Box Plot & Scatter Plot
Sample distribution can be visualized and compared within an experiment using Box plots and Scatter plots. Fold change lines can be drawn on scatter plots. Up and down regulated genes can be color coded and selected genes can be saved as a node. Additional utility options have also been provided.
Genowiz™ annotates genes and classifies them into functional categories (Gene Ontology). Option for importing annotation files and NetAffx™ chips information is also provided. Integrated pathways module aids researchers in understanding pathways in relation to expression data. Pathway maps edited/created can be associated with author details too. Coupled with biological information, gene ontology and pathway classification, it forms an excellent tool in understanding biological systems. Annotations tab displays selected gene(s) annotations. Search can be performed on gene ontology and pathway tree to find ontologies or pathways of interest.
Saving Gene Ontology and Pathway Analysis
Gene ontology and pathway analyses performed on different experiments are saved to the database. Functional clusters of interest can be saved as gene lists and can be compared using Gene List Comparison feature.
Genowiz™ supports seven organisms by default. Researchers can add organisms and genomes of interest and update corresponding annotations.
Automatically update Genowiz™ Annotations
Annotations can be updated for organism(s), either by connecting to respective websites or from local disk (in case of internet connection, firewall, licensing or download problems). Information regarding gene ontology, pathways, organisms and annotations from Entrez Gene database can be updated.
Few of the utility options that add value to the analyses performed:
- Gene List Comparison: Subtle relations among datasets can be probed using this feature. Up to four gene lists can be compared with a Venn diagram representation.
- Pattern Simulation: For an expression pattern defined, all genes with a similar expression pattern can be listed. This gene list can be saved and exported.
- Gene Tracking: Important genes or genes of interest can be tagged and tracked throughout the analysis.
All analyses performed on an experiment can be exported to specified location and same can be imported into Genowiz. This facilitates sharing of experiments.
Automated work flows for single, double and dye swap experiments effectively guide researchers in their analysis. User created work flows can be saved and applied to experiments.

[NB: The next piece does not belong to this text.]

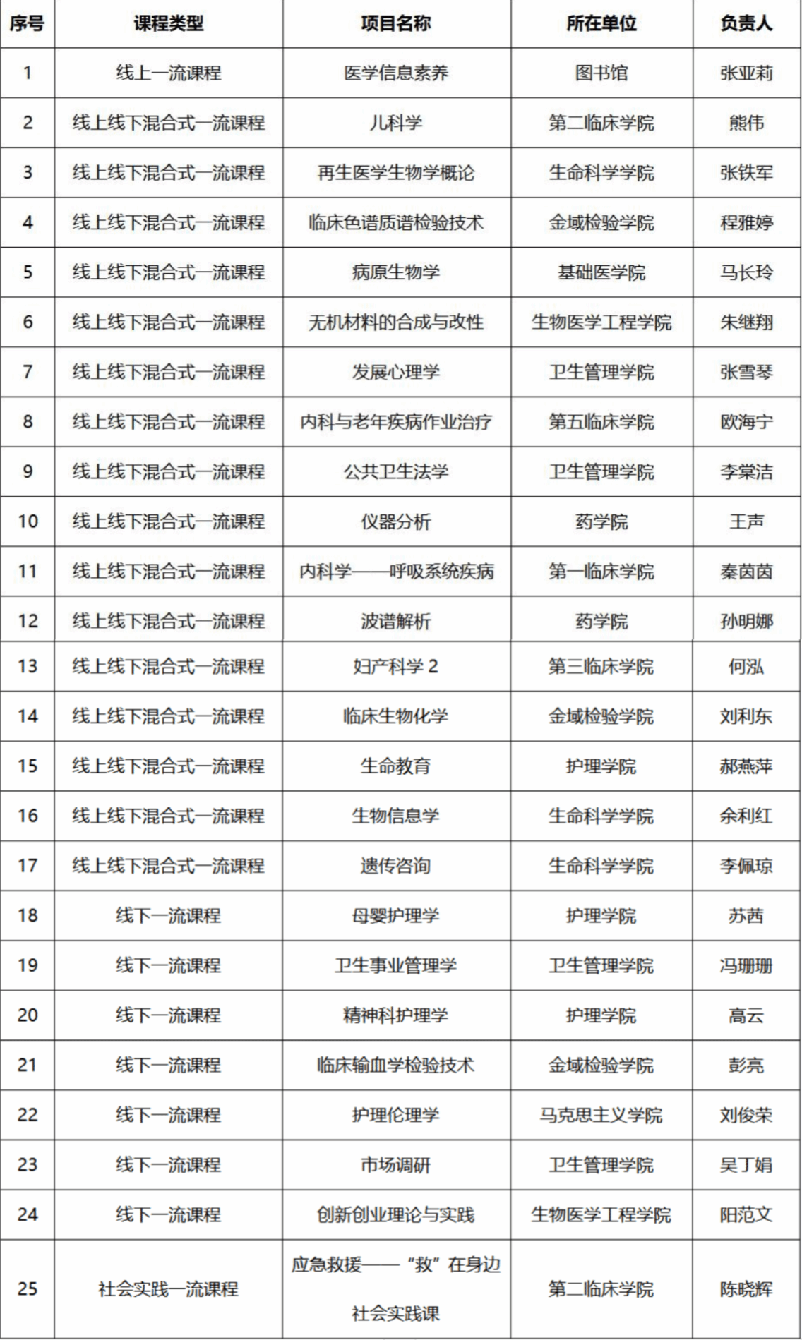本网讯 近日,广东省教育厅发布《广东省教育厅关于公布2023年度省级一流本科课程认定结果的通知》,公布了2023年度省级一流本科课程名单,广州医科大学共有25门课程入选。其中,线上一流课程1门、线上线下混合式一流课程16门、线下一流课程7门、社会实践一流课程1门。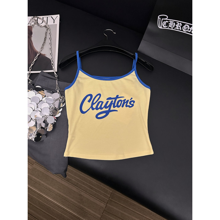 一慄莎子~美式甜辣妹純欲風字母印花吊帶背心女外穿內搭短款上衣

Ocimum’s technical support staff is available for 24 hours, five days a week to answer your questions about Genowiz™ over phone, e-mail and web chat. Previously answered questions by the support staff are available on the website. A Quick Start Guide provided along with the application, assists users to work with various modules. The Technical Support feature in Genowiz (Help > Technical Support) enables users to send a mail to support team for further assistance.